De plus, nous avons décidé de mobiliser cette approche du fait qu’elle nous permet également d’aborder notre étude au niveau macro. En effet, la cognition distribuée ne se limite pas au niveau des collectifs c’est-à-dire l’interaction entre les personnes et les artefacts, mais également c’est une approche qui appréhende la structuration de la technologie en relation avec les besoins des futurs utilisateurs. Nous pouvons justifier ceci par les propos suivants :

« Il est important de noter que la distribution ne constitue pas simplement une manière de décrire l’activité, mais que ce paradigme est rendu explicite et délibérément incorporé dans les artefacts par leurs concepteurs. Les concepteurs cherchent à guider et faciliter un bon usage des dispositifs en y incorporant des opportunités d’action aisément perceptibles et reconnaissables comme telles. Les objets bien conçus signalent de manière claire et évidente par la forme des repères qu’ils incorporent» (Licoppe, 2008). Ainsi, nous mettons en lien ces

propos avec ceux d’Orlikwoski qui se situe également au niveau de la structuration de la technologie c’est-à –dire le niveau macro et qui pense que :

« La technologie est construite par ses concepteurs mais aussi par ses usagers » (Groleau,

2000).

En effet, ces deux théories mettent en lumière sur la flexibilité de la technologie et de son utilisation facile qui repose sur le fait que l’usage de celle-ci est une notion fondamentale dans la conception de l’outil et que les concepteurs doivent se concentrer sur cette notion. Autrement des formes d’imbrication entre conception et exécution (Licoppe ,2008).

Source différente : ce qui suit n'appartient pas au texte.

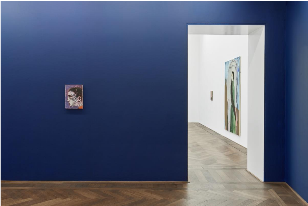
Sanya Kantarovsky, Installationsansicht, Disease of the Eyes , Kunsthalle Basel, 2018. Sanya Kantarovsky, installation view, Disease of the Eyes , Kunsthalle Basel, 2018.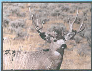
MULE DEER HERITAGE TAG UP FOR AUCTION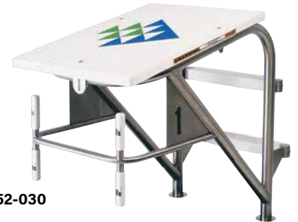
Competitor Track Start-Rear Mount Platform

En nous fondant sur les travaux réalisés par chaque auteur, nous avons décidé de mobiliser ces trois théories (la théorie de structuration, la théorie de l’acteur réseau et la théorie de l’activité). Dans la théorie de la structuration, les auteurs ont montré que la technologie est une dimension sociale que la productivité de la technologie réside dans la technologie en pratique plutôt que dans l’artefact technologique.

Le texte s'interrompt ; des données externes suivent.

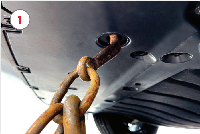
1 Make connections to the disabled Mustang Mach-E at the round openings under front bumper

Prior to activating "Neutral Mode" make all connections to tow truck to prevent roll away.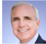
Carlos A. Gimenez Mayor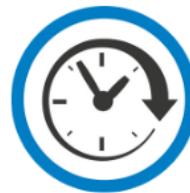
Plan Ahead to Avoid Frequent Trips into the Community

Concernant la théorie de l’acteur réseau, elle considère que le réseau est une chaîne de relation et que le changement organisationnel repose sur un processus. Quant à la théorie de l’activité telle que nous venons de le souligner aide nous à comprendre les contradictions des discours dans l’activité.

Ainsi de leur côté, les résultats laissent entendre que les changements technologiques reposent sur des processus qui se heurtent souvent à des contradictions. Quant à nous, nous avons fait ressortir l’importance des processus compte tenu des résultats de tous les travaux de ces auteurs, nous croyons qu’il serait intéressant de déterminer les enjeux en termes de communication qui accompagnent le changement technologique.